• Your objective:
Below are records; extract exactly the lines from the one with "Update 6/2010: Black" through the final line, including both, but drop the pictures.
======== Stored data
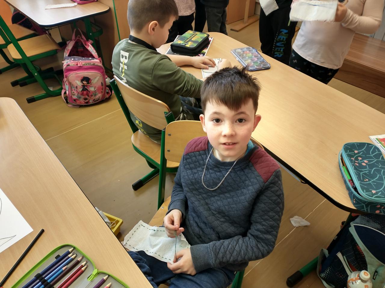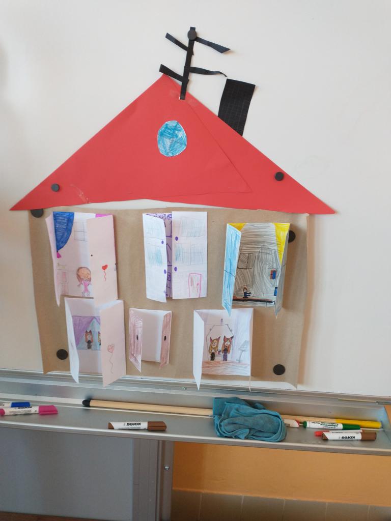 Škola to není jen čtení, psaní a počítání. Z nás se o pracovní činnosti staly švadlenky. O výtvarné výchově jsme si nakreslili svůj autoportrét a doplnili ho obrázkem budoucího povolání. A protože jsme v prvouce kromě povolání probírali také téma domov, společně jsme si ho vyrobili.
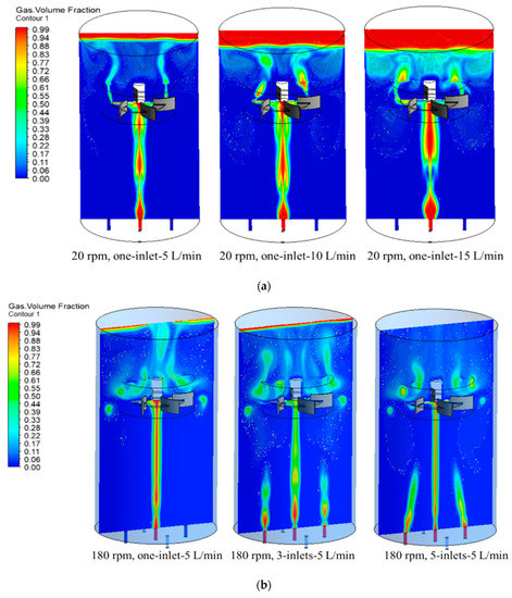 Effect of the spargers distribution on flow field in different speed and gas flow rates. (a) 0.62% gas volume fraction distribution at different flow rates when operating at 20 rpm, one sparger. (b) 0.62% gas volume fraction distribution with one, three, and five inlets at the 180 rpm and 5 L/min cases.
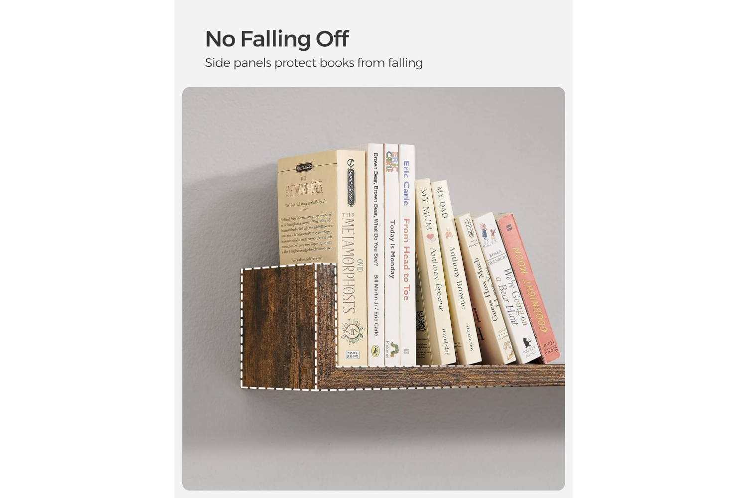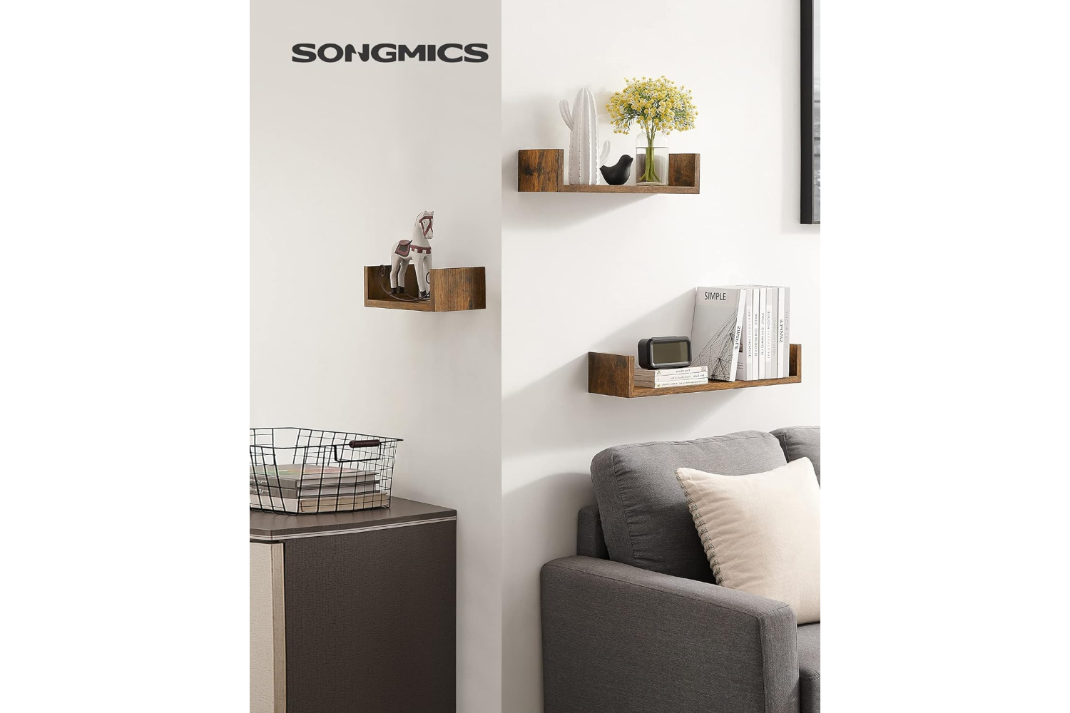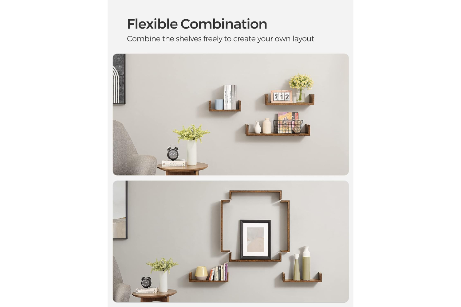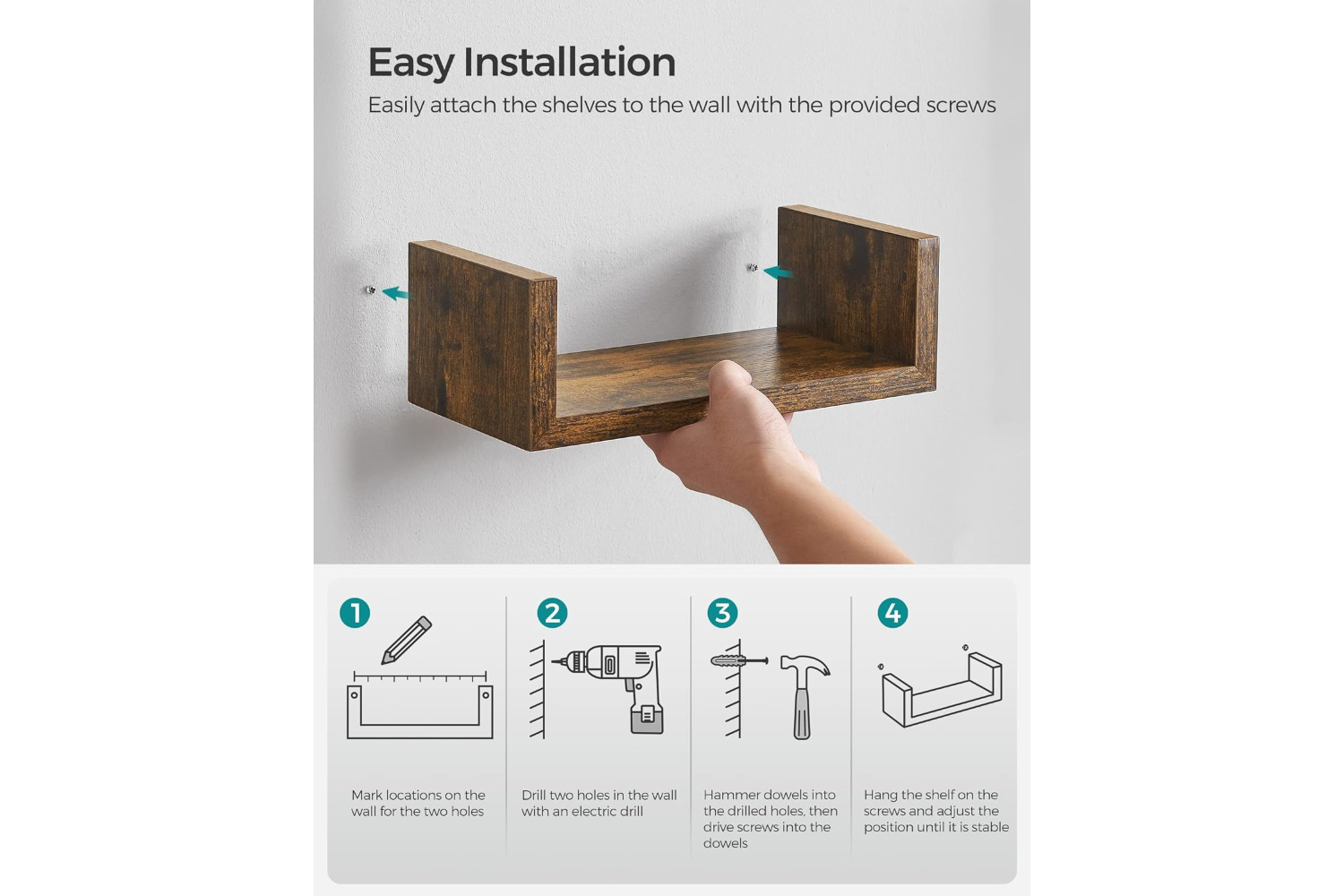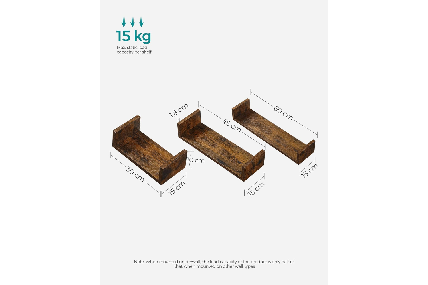 [Order with Style] The 3 shelves feature a vintage brown finish and can be flexibly combined to add style and character to your empty walls. You can also store decorations or picture frames neatly on the shelves[Robust and durable] The floating shelves are also made of high-quality chipboard and are strong, robust and durable. Each wall shelf can withstand a weight of up to 10 kg[Protection from falling off] The side walls of the wall shelves protect your books, CDs or DVDs from falling off and ensure a safe environment[Assembly - a breeze] Drill holes in the wall, attach bookshelves to the wall with the included screws - very easy! We also provide illustrated instructions with[What you get] 3 wall shelves in unique U-shape that do not take up floor space and still create additional storage space in the living room, home office, bathroom or kitchenSpecifications:- Colour: Rustic Brown- Material: Particleboard- Small Shelf Size: 30 x 15 x 10cm (L x W x H)- Medium Shelf Size: 45 x 15 x 10cm (L x W x H)- Large Shelf Size: 60 x 15 x 10cm (L x W x H)- Product Weight: 3.3 kg- Max. Static Load Capacity of Each Shelf (Solid Wall): 15 kg- Max. Static Load Capacity of Each Shelf(Drywall): 3/4/5 kg (Small, Medium, Large)Package Contents:- 3 x Wall Shelf- 1 x Accessory Kit- 1 x Instructions (EN, DE, FR, ES, IT)
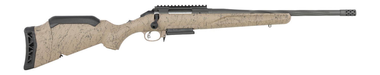 Sports South Exclusive. The Ruger American Ranch GenII features a splatter finished stock with a soft rubber recoil pad, removing the installed spacer allows for length of pull to be adjusted from 13.75″ to 12″; installed low comb improves sight alignment when using magnified optics but can be removed when utilizing low-mounted sights; Cerakote coating on barrel, muzzle brake, receiver and bolt handle results in a durable, easy-to-maintain finish; compact, threaded barrel with factory-installed Ruger Hybrid Muzzle Brake is cold hammer-forged; Ruger Marksman Adjustable trigger; patented Power Bedding integral bedding block system positively locates the receiver and free-floats the barrel for outstanding accuracy; one-piece bolt is CNC machined from stainless steel for smooth operation and the familiar three-lug design with 70 degree throw provides ample scope clearance; oversized bolt handle for positive bolt manipulation; installed Picatinny scope base. Includes magazine and steel sling swivel studs.
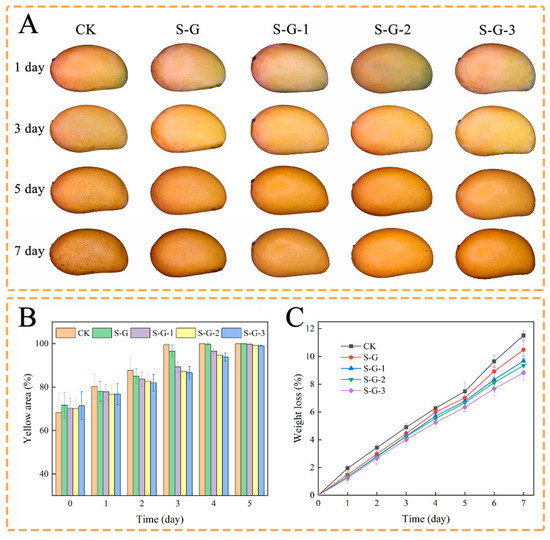 Mangoes of the same size and ripeness were randomly divided into five groups. Before formal experiments, all mangoes were soaked in 2.5% hydrogen peroxide water for 3 min, rinsed, and dried. Then, the mangoes were wrapped using S-G, S-G-1, S-G-2, and S-G-3 films, respectively, and those without film wrapping were set as blank control. Samples were placed in an incubator at 25 ± 1 °C and relative humidity of 55% ± 3%. The indicators of these mangoes were observed and recorded daily. Five replicates were set up for each group.
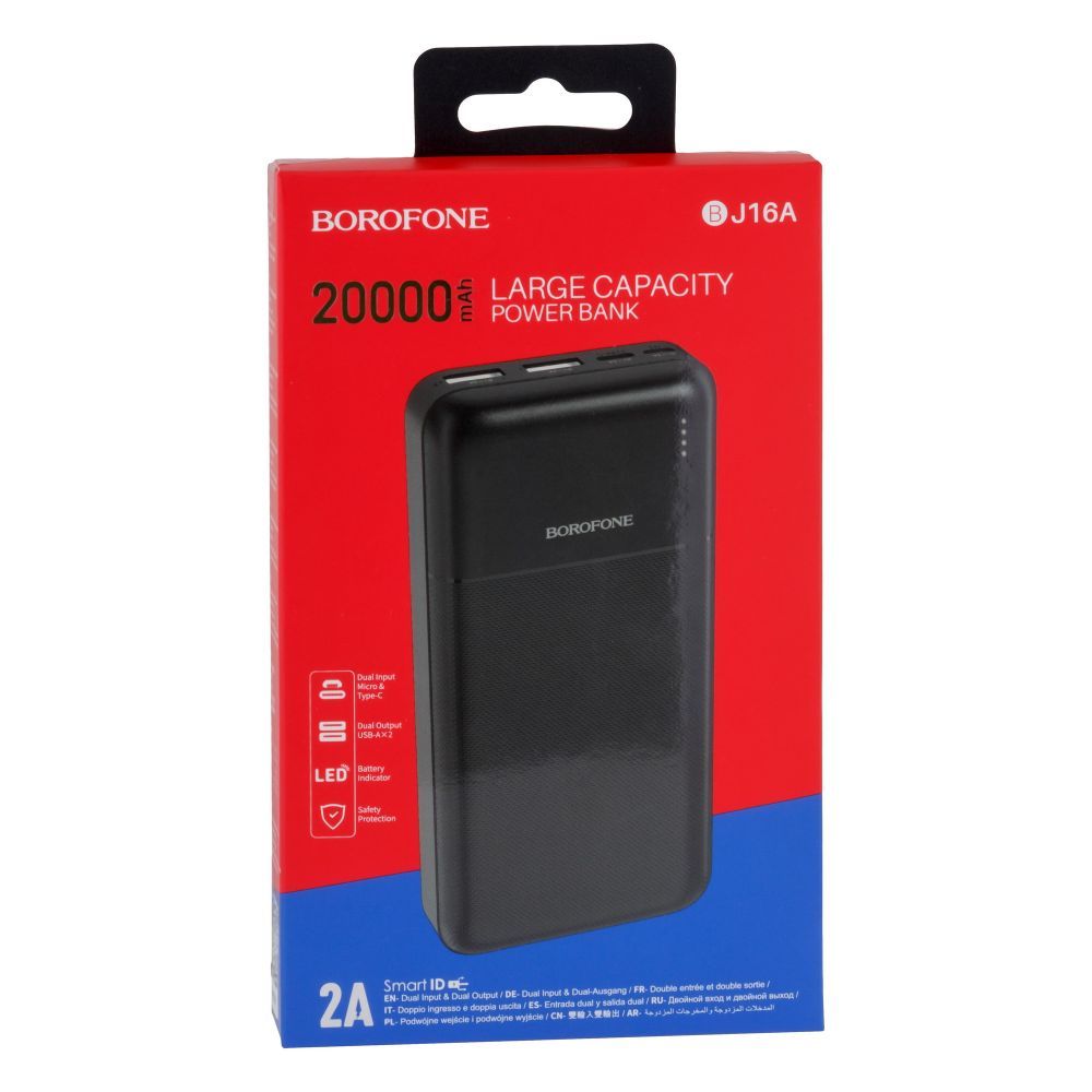 Повербанк Borofone BJ16A 20000 mAh 2USB 5V,2A / In: Type-C, micro-USB 5V,2A / LED indicator black
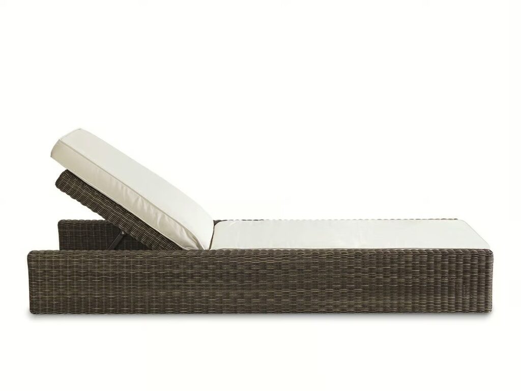 Cube ist eine Sonnenliege aus EtWick-Faser mit verstellbarer Rückenlehne, einschliesslich Matratze (in verschiedenen Stofffarben) und Rahmen in Rindenfarbe und Weiss.
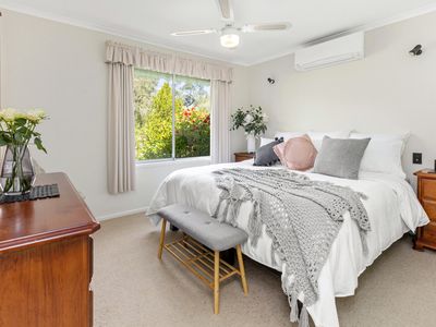 Located amongst treed surrounds with the hills of Arthurs Seat as its backdrop, this immaculate, light and airy three bedroom family home is nothing other than an absolute pleasure to inspect. The moment you step foot through the gates of this amazing home you’ll realise there is not a cent to spend anywhere! Light filling living, updated kitchen and adjoining meals area are all kept comfy year round with evaporative cooling and split system reverse cycle air conditioning throughout. Each of the three bedrooms share in the family bathroom, full laundry and separate toilet. Relax and unwind in the heated spa, entertain year round under the impressive outdoor area, bask in the summer sun in the picture perfect backyard or simply tinker the afternoon away in the double garage with added space for the workshop. Storage is of zero concern here with triple carport and huge undercover space with extra height for a full size caravan or boat. Complimented by extensive paving, a unique selection of manicured plant life, treed reserve at the rear, all within an easy stroll to tennis courts, local shopping, walking trails and stunning golfing greens.
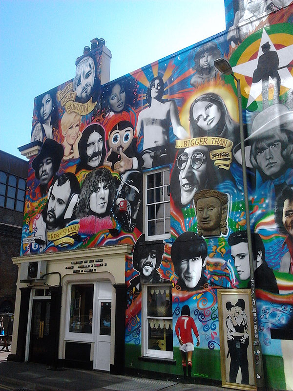 Peel's Wall of Fame – Brighton's Full of Fab Forty Artists! Left, detail of the mural: John Peel is flanked by Jimi Hendrix and Marc Bolan, two of his favourite Fab Forty artists. |
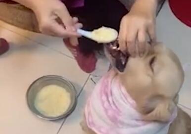 老奶奶灌饭式给狗狗喂食 主人:和小朋友一样,硬要掰才吃
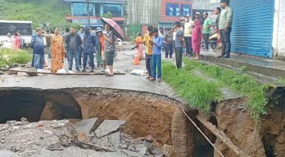 पोखरामा सडक र घर भासियो
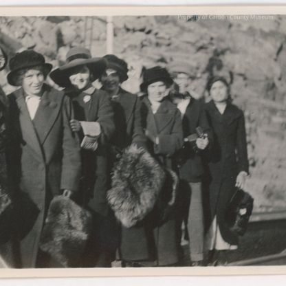 Update 6/2010: Black and white print of a line of people, six women and one man, standing second from right. Women have on heavy coats and hats and are carrying fur mufflers. there is a sheer rock bluff behind them. Written on back in black ink: "Ada Rivera, Veronica Clouse, Eileen O'Melia, Margaret Murray, Vincentia Clouse, Harry Phalen, Carmen Rivera."
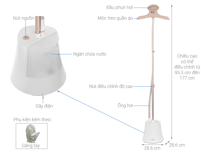 – Bàn ủi Panasonic có màu trắng trang nhã, thiết kế dạng đứng thuận tiện, giúp người dùng ủi quần áo treo nhẹ nhàng mà không cần khom lưng. Trụ đứng có thể tùy chỉnh chiều cao từ 95.5 cm đến 177 cm để bạn dễ dàng treo và ủi nhiều loại quần áo khác nhau. Khối lượng tay cầm tương đối nhẹ giúp bạn không cảm thấy mỏi tay ngay cả khi sử dụng trong thời gian dài.
================
• Solved exercise:
 Update 6/2010: Black and white print of a line of people, six women and one man, standing second from right. Women have on heavy coats and hats and are carrying fur mufflers. there is a sheer rock bluff behind them. Written on back in black ink: "Ada Rivera, Veronica Clouse, Eileen O'Melia, Margaret Murray, Vincentia Clouse, Harry Phalen, Carmen Rivera."
 – Bàn ủi Panasonic có màu trắng trang nhã, thiết kế dạng đứng thuận tiện, giúp người dùng ủi quần áo treo nhẹ nhàng mà không cần khom lưng. Trụ đứng có thể tùy chỉnh chiều cao từ 95.5 cm đến 177 cm để bạn dễ dàng treo và ủi nhiều loại quần áo khác nhau. Khối lượng tay cầm tương đối nhẹ giúp bạn không cảm thấy mỏi tay ngay cả khi sử dụng trong thời gian dài.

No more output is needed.